DL: Who or what inspired to become a freedom fighter?
JH: Martin Luther King, Jr. is my biggest inspiration. His teachings are part of the model I used for my decades long career as a freedom fighter and rights activist.
DL: Along with being a Freedom Fighter, you have served in the U.S. Air Force, you are an expert mechanic, former presidential security agent, and an accomplished writer and photojournalist; is there anything you've wanted to do that you have not yet accomplished?
JH: Yes, and that is to expose the corruption in government and law enforcement to the American people. I, along with others like
the American Motorcycle Association, continue to track what the Motorcycle Task Force is doing - which include profiling motorcyclists with Motorcycle Only roadside stops.
I have also been working with other motorcycle advocacy groups to try to fight some of the current EPA regulations pertaining to motorcycles which is a lot more than what comes out of the exhaust pipe.

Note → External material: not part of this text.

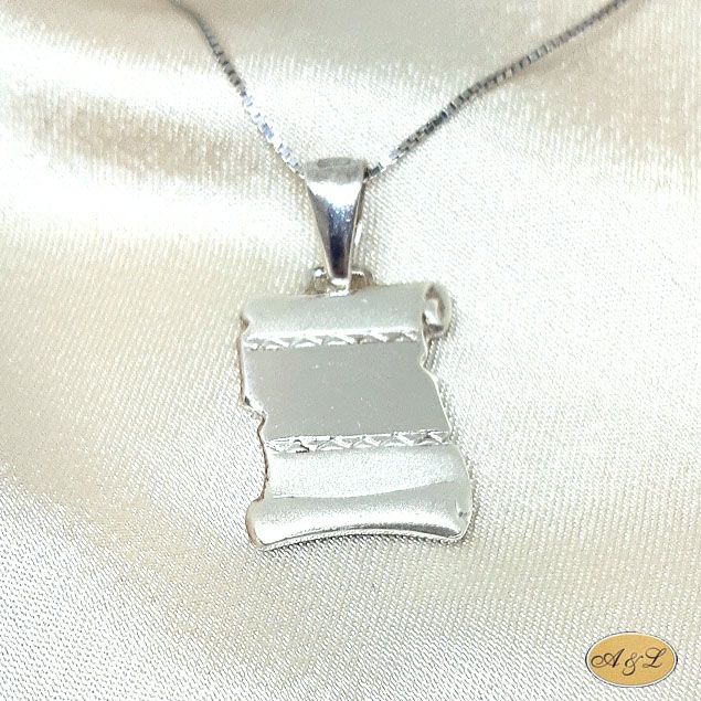 Sonstiges: Mit doppeltem Oxidationsschutz (Rhodium) angewendet. Pergamentfliesengröße 2 cm, verziert mit matten Teilen und gravierten Linien. Möglichkeit der Gravur.

With the new administration investigating the EPA we are hopeful that will include motorcycles.
DL: Do you have any words of wisdom you'd like impart on the next generation of bikers?
JH: I hope that by my actions, you realize that you can change things in the world.
There are certain rights that are granted to everyone in this country and if you feel that any of your rights are being violated there are steps you can take to correct the situation.
There is an old saying: The squeaky wheel gets the grease.
By making noise the wheel is saying I need grease.
You can and should be involved in everything that affects you and those you care for - make some noise and let the world know.